凡煙小說

第九十五章

關燈
第九十五章

夜晚的霓虹燈照落在泳池裏,從這個著名的無邊泳池往外一瞧,憑借金沙酒店57樓的優勢,能夠輕易地將底下的繁華絢爛收入眼底。

雖然已經有了心理準備,但黑羽快鬥還是被毛利蘭的大膽嚇了一大跳,背後還有江戶川柯南快要實體化的怨念。如果眼神能變成利刀,恐怕黑羽快鬥早就被切成好幾塊了。

我也不想啊!!!你以為我想這樣嗎小偵探!!!

黑羽快鬥只慶幸望月彌生並不在這裏,不然她表現出來的不在乎更令人難過。

啊,說到這個···也不知道小彌生的燒怎麽樣了,離開的時候燒可還沒退啊。

為了轉移註意力,黑羽快鬥一邊對答如流來自毛利蘭的問話,一邊思緒飄遠,可以說是完美的一心二用了。

坐在不遠處的江戶川柯南惡狠狠地猛吸一口玻璃杯裏的果汁,已經不再圓潤的冰塊隨著吸管的攪動不可避免地撞擊到杯壁,發出輕輕的聲響。

呵呵,要是彌生在就好玩了。

···等下,他可沒有要幫基德追彌生的意思,差點跑偏。

眼不見心不煩,江戶川柯南幹脆又扒拉出手機,翻回之前跟望月彌生的來往郵件,越看越覺得望月彌生來新加坡的目的不一般。

她為什麽要找瑞吉爾呢?

又或者說,瑞吉爾身上有什麽值得詢問的地方嗎?

江戶川柯南正絞盡腦汁地想理由,手機忽然震了一下,提醒他有新的郵件到了。

嗯?誰···彌生?

[有機會的話,盯著裏希一點。]

***

想要知道裏希的目的、讓裏希露出馬腳,那就只能先按著裏昂的設想一步步往前。

既然裏昂想要殺死瑞吉爾,望月彌生樂於給他這個機會,但也不可能真的讓他殺害瑞吉爾,畢竟瑞吉爾要作為證人還黑羽快鬥一個清白。

瑞吉爾同樣把裏昂的不在場證明手法告訴了她,望月彌生權衡一番,決定以其人之道還治其人之身。
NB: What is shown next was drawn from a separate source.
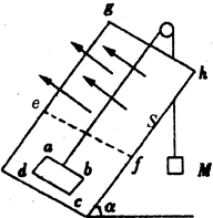 2、计算题 (12分)如图,光滑斜面的倾角α=30°,一个矩形导体线框abcd放在斜面内,ab边水平,长度l1=1m,bc边的长度l2=0.6 m,线框的质量m=1kg,总电阻R=0.1Ω,线框通过细线与质量为m=2kg的重物相连,细线绕过定滑轮,不计定滑轮对细线的摩擦,斜面上水平线ef的右侧有垂直斜面向上的匀强磁场,磁感应强度B=0.5T,如果线框从静止开始运动,进入磁场最初一段时间是匀速的,ef线和斜面最高处gh(gh是水平的)的距离s=11.4m,取g=10m/s2,求

裏昂利用偽裝讓早已死去的雪琳出現在眾人面前,那麽,她也讓瑞吉爾以死亡的狀態“出現”好了。

“瑞吉爾小姐,這幾天我會為你提供一個住處,幫你以假死的狀態躲過裏昂的追殺。但作為交換,等這次的事情結束後你必須要以證人的身份出庭,把裏昂的罪證告訴法官。”

“當然,我會的。”

不然她也不會主動去找毛利小五郎了。

望月彌生也不擔心瑞吉爾反悔,點點頭表示自己知道了。

雖然用來偽裝的屍體不好找,但真要找也不是不行,就是比較麻煩。

處理完這邊的事後,望月彌生讓瑞吉爾閉眼,幫她稍微調整了一下臉型,然後帶到金沙酒店外,讓她先找個地方躲躲。而自己則去酒店前臺再開一間房——當然,用的是本人的臉。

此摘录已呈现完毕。